▶ [WHAT IS NEEDED] Copy, word for word, the lines of the listing below from the line with "Stuart Lydick, right, members" up to and including the line with "and counselors will". Drop the pictures.

▶ [EXTRACTED MATERIAL]
%%

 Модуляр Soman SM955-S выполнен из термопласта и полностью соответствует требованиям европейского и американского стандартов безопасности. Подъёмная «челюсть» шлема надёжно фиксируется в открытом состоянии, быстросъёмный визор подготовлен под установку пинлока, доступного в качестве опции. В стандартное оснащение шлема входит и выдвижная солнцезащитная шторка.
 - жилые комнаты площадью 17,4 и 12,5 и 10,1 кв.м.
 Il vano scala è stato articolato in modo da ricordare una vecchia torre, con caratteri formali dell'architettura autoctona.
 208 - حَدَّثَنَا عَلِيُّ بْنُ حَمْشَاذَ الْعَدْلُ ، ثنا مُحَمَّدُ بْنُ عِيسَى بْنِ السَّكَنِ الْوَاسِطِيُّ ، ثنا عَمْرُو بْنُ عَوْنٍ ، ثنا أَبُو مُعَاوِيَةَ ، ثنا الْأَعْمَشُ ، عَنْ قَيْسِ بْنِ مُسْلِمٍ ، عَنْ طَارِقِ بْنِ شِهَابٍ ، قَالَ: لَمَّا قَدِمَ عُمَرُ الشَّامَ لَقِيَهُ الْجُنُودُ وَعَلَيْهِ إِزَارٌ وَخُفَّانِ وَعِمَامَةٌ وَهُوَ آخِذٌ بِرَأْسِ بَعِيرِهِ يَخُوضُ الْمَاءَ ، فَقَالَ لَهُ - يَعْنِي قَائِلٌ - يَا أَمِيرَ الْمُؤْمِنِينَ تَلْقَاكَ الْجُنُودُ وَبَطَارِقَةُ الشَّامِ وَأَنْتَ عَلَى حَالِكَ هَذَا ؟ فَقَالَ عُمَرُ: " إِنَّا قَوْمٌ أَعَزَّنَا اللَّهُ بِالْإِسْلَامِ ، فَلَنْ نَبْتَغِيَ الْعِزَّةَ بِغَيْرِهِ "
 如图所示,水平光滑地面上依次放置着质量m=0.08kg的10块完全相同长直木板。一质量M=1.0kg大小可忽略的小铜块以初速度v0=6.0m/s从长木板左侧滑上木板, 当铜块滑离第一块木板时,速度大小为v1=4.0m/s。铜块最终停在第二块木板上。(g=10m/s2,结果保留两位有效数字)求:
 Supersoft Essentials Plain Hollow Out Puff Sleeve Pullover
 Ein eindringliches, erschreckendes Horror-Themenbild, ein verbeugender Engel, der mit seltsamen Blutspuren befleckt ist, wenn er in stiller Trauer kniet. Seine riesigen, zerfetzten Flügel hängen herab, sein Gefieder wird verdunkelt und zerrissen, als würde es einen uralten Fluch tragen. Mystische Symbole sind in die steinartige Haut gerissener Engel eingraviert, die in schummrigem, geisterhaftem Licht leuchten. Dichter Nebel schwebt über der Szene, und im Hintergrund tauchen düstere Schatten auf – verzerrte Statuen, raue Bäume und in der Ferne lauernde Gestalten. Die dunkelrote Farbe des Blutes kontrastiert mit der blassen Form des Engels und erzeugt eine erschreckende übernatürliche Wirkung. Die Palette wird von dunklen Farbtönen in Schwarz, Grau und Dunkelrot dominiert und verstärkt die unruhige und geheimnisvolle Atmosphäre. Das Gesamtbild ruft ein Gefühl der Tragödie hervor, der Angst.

%%
%%

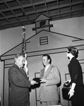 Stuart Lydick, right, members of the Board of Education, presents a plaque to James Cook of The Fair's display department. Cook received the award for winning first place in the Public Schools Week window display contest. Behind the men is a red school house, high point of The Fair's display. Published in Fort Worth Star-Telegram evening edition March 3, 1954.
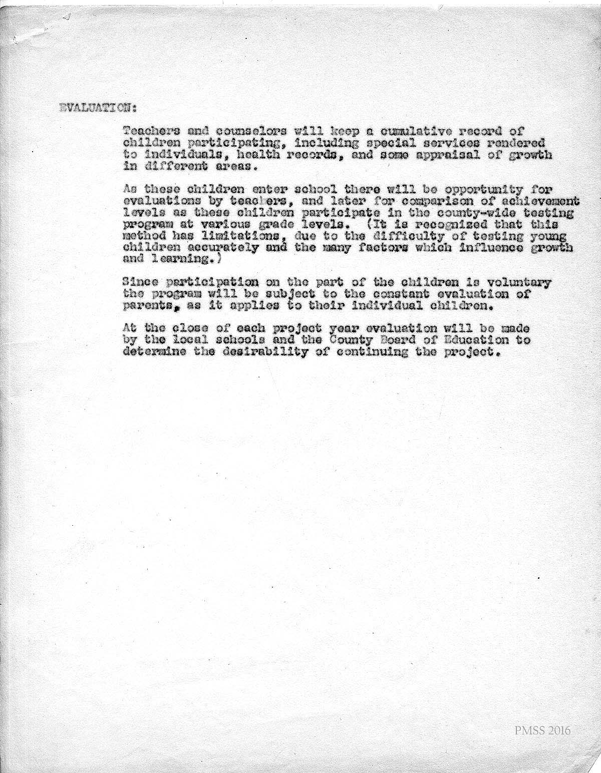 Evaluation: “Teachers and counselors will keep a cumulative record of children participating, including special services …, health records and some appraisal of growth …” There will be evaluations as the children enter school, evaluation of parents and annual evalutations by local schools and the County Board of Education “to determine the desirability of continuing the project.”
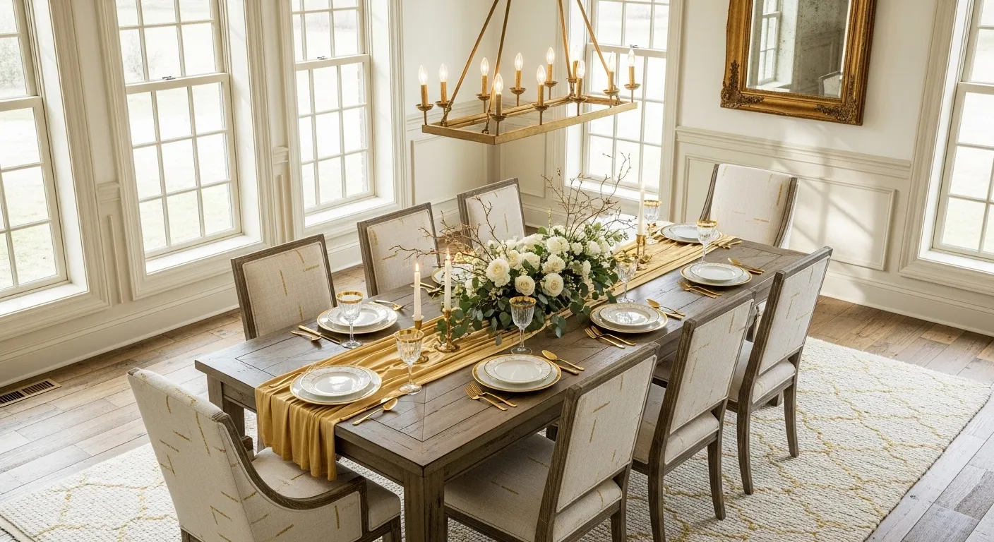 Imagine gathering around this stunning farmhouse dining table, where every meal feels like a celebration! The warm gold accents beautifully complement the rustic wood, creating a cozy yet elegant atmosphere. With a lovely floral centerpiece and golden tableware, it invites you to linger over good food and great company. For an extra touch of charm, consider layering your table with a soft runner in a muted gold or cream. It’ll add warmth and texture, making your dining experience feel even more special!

%%

▶ [PROBLEM SOLUTION]
 Stuart Lydick, right, members of the Board of Education, presents a plaque to James Cook of The Fair's display department. Cook received the award for winning first place in the Public Schools Week window display contest. Behind the men is a red school house, high point of The Fair's display. Published in Fort Worth Star-Telegram evening edition March 3, 1954.
 Evaluation: “Teachers and counselors will keep a cumulative record of children participating, including special services …, health records and some appraisal of growth …” There will be evaluations as the children enter school, evaluation of parents and annual evalutations by local schools and the County Board of Education “to determine the desirability of continuing the project.”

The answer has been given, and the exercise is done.